Umar bin Khatab pernah berpidato pada hari Jabriyah, katanya: “Hai, manusia! Siapa yang ingin bertanya
tentang Al-Qur’an, datanglah kepada Zaid bin Tsabit. Siapa yang hendak bertanya tentang fqih tanyalah
kepada Muadz bin Jabal. Dan siapa yang hendak bertanya tentang harta kekayaan, datanglah kepada
saya. Sesungguhnya Allah Azza wa Jalla telah menjadikan saya penguasa, Allah jualah yang memberinya.”

Para pencari ilmu (mahasiswa) yang terdiri dari para sahabat dan tabiin, mengerti benar ketinggian ilmu
Zaid bin Tsabit. Karena itu mereka sangat hormat dan memuliakannya, mengingat ilmu yang bersarang di
dadanya ialah ilmu Al-Qur’an.
Seorang sahabat lautan ilmu pula, yaitu Abdullah bin Abbas, pernah melihat Zaid bin Tsabit direpotkan
hewan yang sedang dekendarainya. Lalu Abdullah berdiri di hadapan kendaraan itu dan memegang
talinya supaya tenang. Kata Zaid bin Tsabit kepada Abdullah bin Abbas, “Biarkan saja hewan itu, wahai
anak paman Rasulullah!”

Jawab Ibnu Abbas, “Beginilah kami diperintahkan Rasulullah menghormati ulama kami.”

Kata Zaid, “Coba perlihatkan tangan Anda kepada saya!”

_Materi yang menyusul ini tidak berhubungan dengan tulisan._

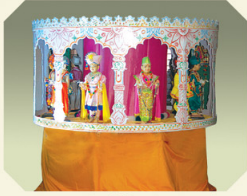
બારબારણાના હિંડોળામાં બાર સ્વરૂપે મુલતા બાલ ઘનશ્યામ - અક્ષરભુવન (નીચે)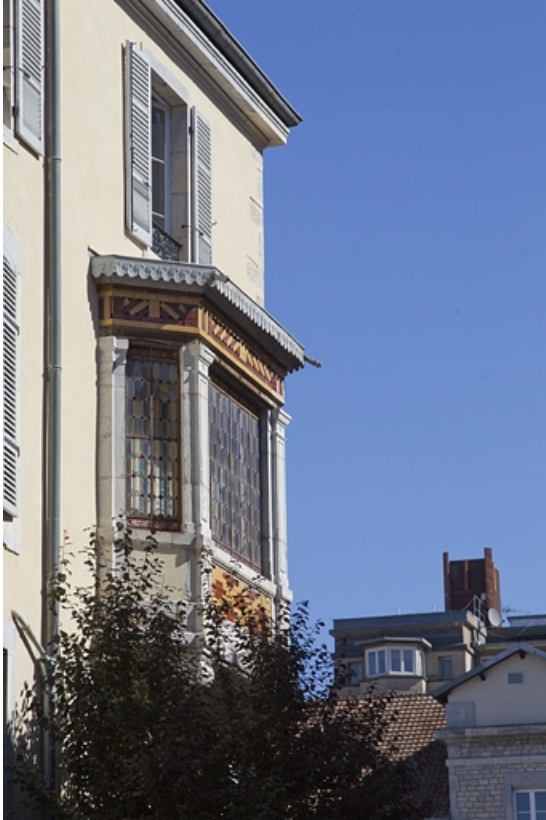
Premier logis secondaire : détail du bow window, de trois quarts gauche.

25, Besançon, 21 rue des Granges, lieudit : îlot Poste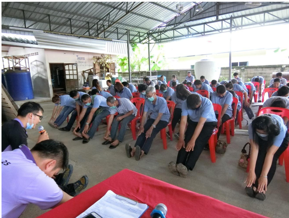
การบริหาร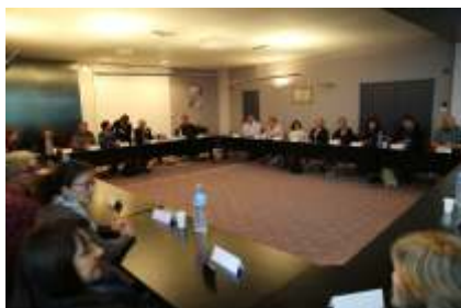
Oficiální zahájení návštěvy na radnici ve městě Plaintel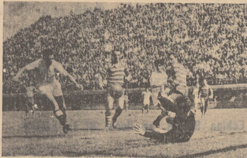
Balint șutează sec din apropiere și tabela de marcaj va arăta 2-2. Fază din meciul Rapid-C.S.M.S. Iași (3-3).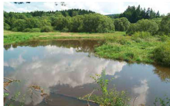
Z údolí Chrudimky pod Klokočovem

Východiskem k dalšímu pokračování putování kolem říčky Chrudimky je město Hlinsko. Za pozornost tu mimo jiné stojí místní část Betlém se skupinou starých roubených domků. Ty jsou už jakousi předzvěstí mnohem rozsáhlejšího souboru lidových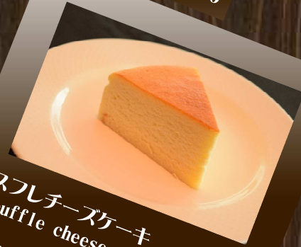
スフレチーズケーキ Souffle cheese cake クリームチーズとカスタード、 メレンゲで焼き上げました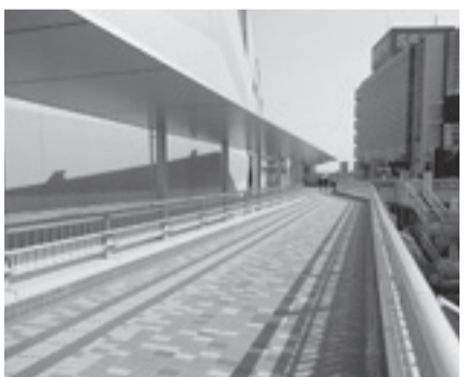
4月に開通した取手駅西口歩行者デッキ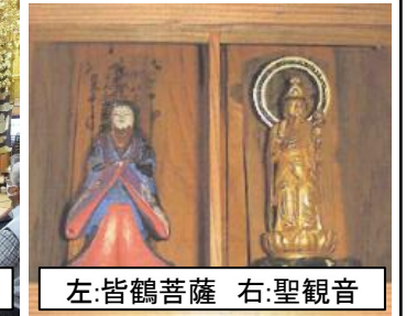
左:皆鶴菩薩 右:聖観音

Ibnu Abbas mengulurkan tangannya kepada Zaid. Zaid bin Tsabit memegang tangan Ibnu Abbas lalu
menciumnya. Kata Zaid, “Begitulah caranya kami diperintahkan Rasulullah SAW menghormati keluarga
Nabi kami.”

Tatkala Zaid bin Tsabit berpulang ke rahmatullah, kaum muslimin menangis karena pelita ilmu yang
menyala telah padam.

Berkata Abu Hurairah, “Telah meninggal samudra ilmu umat ini. Semoga Allah menggantinya dengan
Ibnu Abbas.”

Penyair Rasulullah, Hasan bin Tsabit, menangisi Zaid bin Tsabit dan dirinya sendiri dengan seuntai sajak
yang indah:

Siapakah lagi merangkai sajak sesudah Hasan dan anaknya

Manakah lagi menara ilmu sesudah Zaid bin Tsabit?

Semoga Allah senantiasa melimpahkan rahmat dan ridha-Nya kepada almarhum. Amin.

Itulah sepenggal kisah tauladan yang bisa kita jadikan contoh agar membuat peradaban islam kembali
bangkit. Pemuda hari ini adalah gambaran masa depan.